Volcanism in the Andes is caused by the subduction of the Nazca Plate and the Antarctic Plate beneath the South America Plate. The Nazca Plate subducts at a speed of 7–9 centimetres per year (2.8–3.5 in/year) and the Antarctic Plate at a speed of 2 centimetres per year (0.79 in/year). Volcanism does not occur along a continuous chain there are four separate regions named: the Northern Volcanic Zone, the Central Volcanic Zone, the Southern Volcanic Zone, and the Austral Volcanic Zone. The formation of magma results from the release of water and other volatile material from the subducting plate, which is then injected into the above-lying mantle wedge. The volcanic zones are separated by areas where the subducting plate subducts at a flatter angle and volcanism is absent. The Peruvian flat slab between the Northern and the Central Volcanic Zones is associated with the subduction of the Nazca Ridge, the Pampean flat slab between the Central and the Southern Volcanic Zone is associated with the subduction of the Juan Fernandez Ridge, and the Patagonian volcanic gap between the Southern and the Austral Volcanic Zone is associated with the Chile Triple Junction. 

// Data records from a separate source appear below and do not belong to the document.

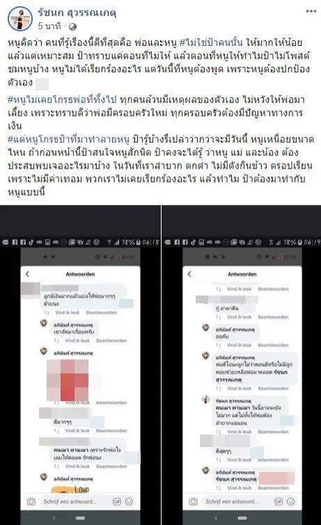 #หนูไม่เคยโกรธพ่อที่ทิ้งไป ทุกคนล้วนมีเหตุผลของตัวเอง ไม่หวังให้พ่อมาเลี้ยง เพราะทราบดีว่าพ่อมีครอบครัวใหม่ ทุกครอบครัวต้องมีปัญหาทางการเงิน
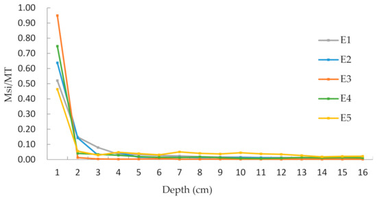 Figure 6 shows, the recharge water was fed from the bottom to the top of the column; therefore, the depth was the distance of the location from the inlet. Most Fe (III) was retained within 0–1 cm, which was the inlet section. The mass ratio (ratio of mass at si layer (Msi) to total mass (MT), Msi/MT) was well fitted by an exponential function of the column length, with the function as shown in Equation (5), which returned an estimate of the Fe (III) penetration depth for the different infiltration media and Fe (III) initial concentration, with the fitting parameters as shown in
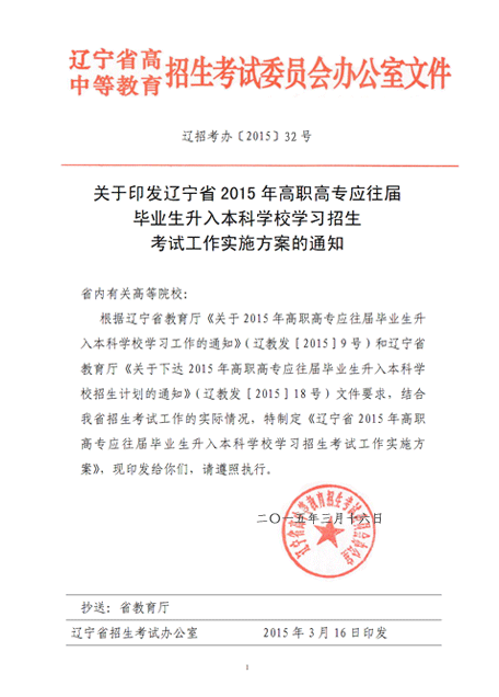 根据辽宁省教育厅《关于2015年高职高专应往届毕业生升入本科学校学习工作的通知》(辽教发[2015]9号)和辽宁省教育厅《关于下达2015年高职高专应往届毕业生升入本科学校招生计划的通知》(辽教发[2015]18号)文件要求,结合我省招生考试工作的实际情况,特制定《辽宁省2015年高职高专应往届毕业生升入本科学校学习招生考试工作实施方案》,现印发给你们,请遵照执行。
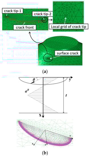 (a) The location and meshing of the introduced crack; (b) the distribution of residual stresses on crack surface [57].
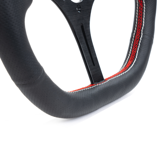 Материалы и конструкция: Рулевое колесо обтянуто перфорированной натуральной кожей, которая обеспечивает отличное сцепление с руками, не скользит даже при интенсивном пилотировании и эффективно отводит влагу. Перфорация также способствует вентиляции, предотвращая перегрев ладоней во время длительных сессий. Каркас выполнен из алюминия с лазерной резкой, что обеспечивает высокую жесткость при минимальном весе (всего 870 г).
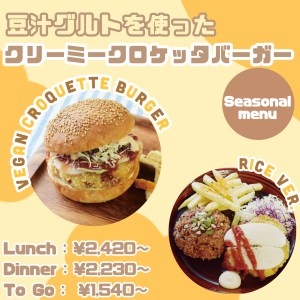 毎年恒例!秋冬限定の【豆汁グルトを使ったveganクリーミークロケッタバーガー】
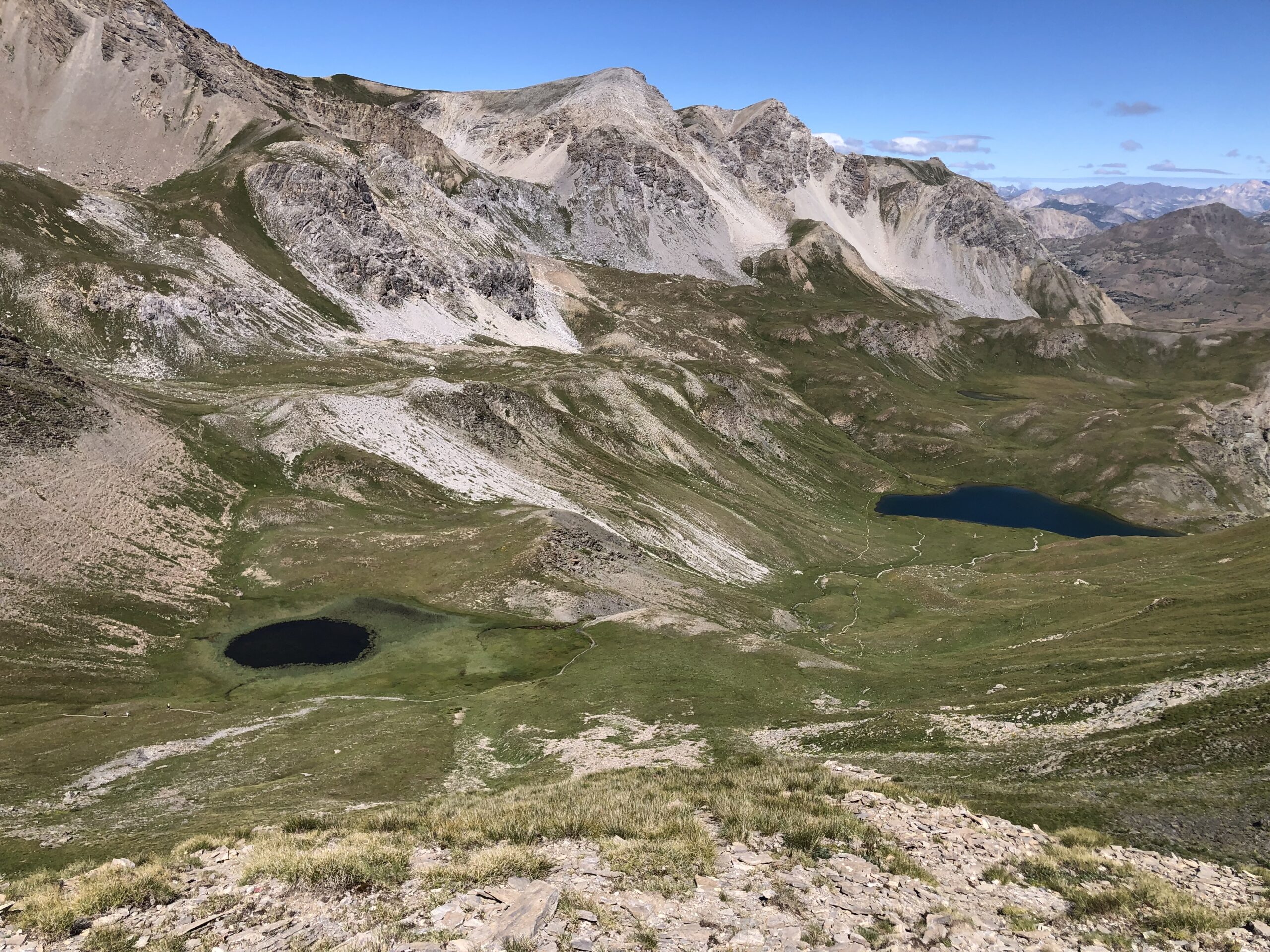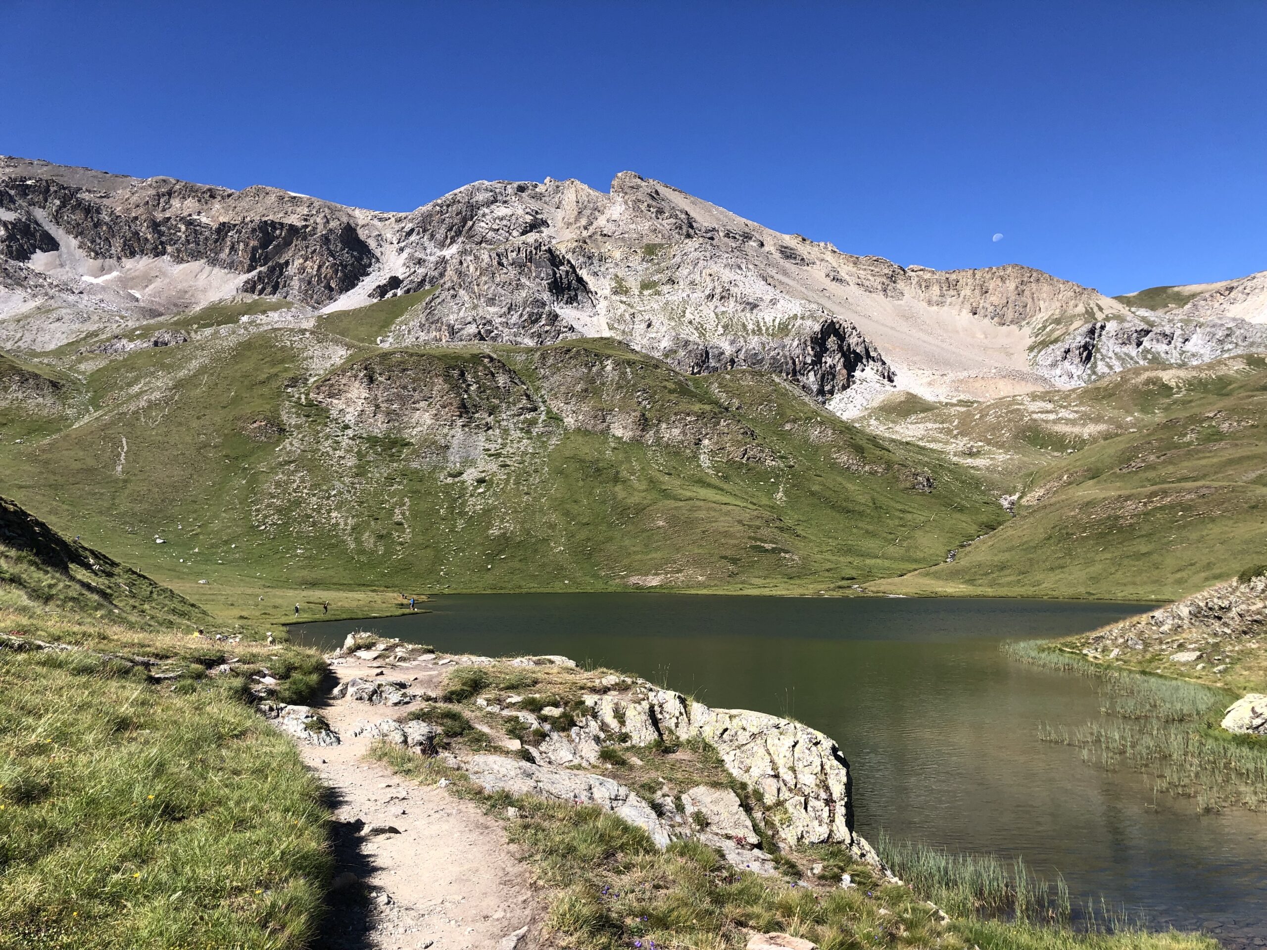 Costeggiata la sponda sinistra del lago, si risale una scarpata che in breve conduce al Col des Marsailles 2601 m. Dal colle c’è la possibilità si salire alla cima del Pic du Vallon Crouzet 2728 m senza particolari difficoltà.
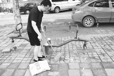 昨日上午11時,記者趕到鄭上路省紡機社區(qū)時,看見張月正在清掃小區(qū)健身區(qū)的地面(如圖)。巡防隊員朱幸說,張月的事見報后的第二天,他和隊友郭長河就成了張月家的常客,找他談心,經(jīng)多次做工作,張月才同意到醫(yī)院治療。7月22日,在鄭州市第八人民醫(yī)院治療了一個月的張月,康復(fù)出院回家。到家后,張月仍不愿出門,朱幸和郭長河又多次找張月聊天。社區(qū)主任王曉波也主動到張月家,每天上班時,他都要把張月叫到社區(qū),讓他幫忙干點零活。經(jīng)過溝通和交流,張月變得開朗了許多,成了一名編外保潔員。王曉波說,社區(qū)為張月申請辦理了低保,讓他享受每月275元的最低生活保障! 跤浾呃顛箤嵙(xí)生吳瓊文首席記者閆化莊圖
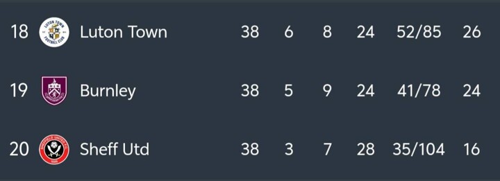 Sheffield United and Burnley have already locked the relegation places in advance.
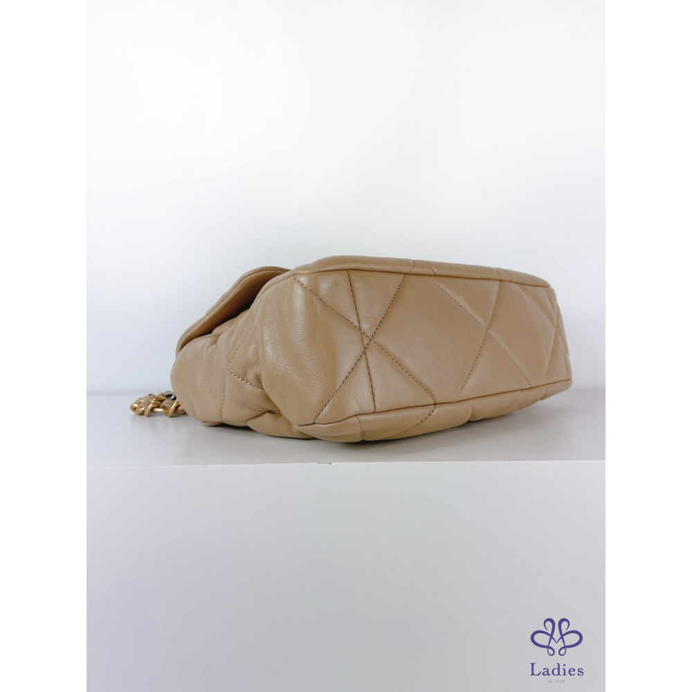 產品信息 -新舊:99新閒置品 🌕🌕🌕🌕🌕 -配件:本店購證/保卡/防塵袋/盒裝/紙袋 -尺寸:30 x 20 x 10 cm -付款方式:轉帳後宅配/拍拍圈第三方鑑定/中租零卡分期、FULA零卡分期/刷卡分期/台中 雙北面交 絕對是高貴溫柔的小公主🥂 乍看下還像一顆法式泡芙 陽光灑落下、驕傲的展現自己的膨潤及驕傲。 配色則是百搭的奶茶米金 整顆溫柔又優雅 經典的皮穿鏈 佐以膨潤的羔羊皮革感 .ᐟ.ᐟ
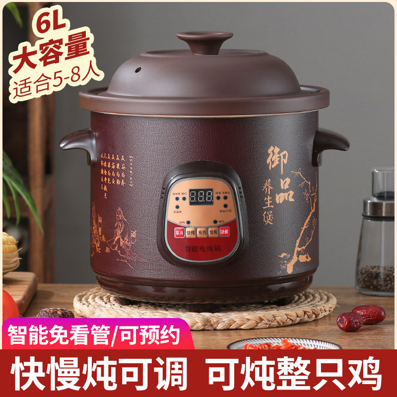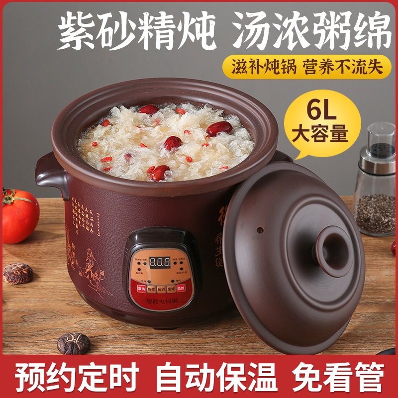 苏泊全自动2.5-6L电炖锅陶瓷煲汤家用熬煮粥神器多功能养生紫砂锅

About 178 volcanoes are found in the Andes, 60 of which have been active in historical times. In addition, large calderas and monogenetic volcanoes exist in the Andes. 
Local setting Edit
Llullaillaco is part of the Central Volcanic Zone.  At least 44 volcanic centres with historical activity and 18 large caldera-forming volcanoes have been identified in the Central Volcanic Zone.  Volcanism in the Central Volcanic Zone mostly occurs on the Altiplano and the Cordillera Occidental. A number of volcanoes there reach heights of over 6,000 metres (20,000 ft) above sea level. Large Miocene ignimbrites that cover large surfaces are also part of the regional geology.  Llullaillaco is located about 300 kilometres (190 mi) east of the Peru-Chile Trench.  The Wadati-Benioff zone is 180 kilometres (110 mi) deep. 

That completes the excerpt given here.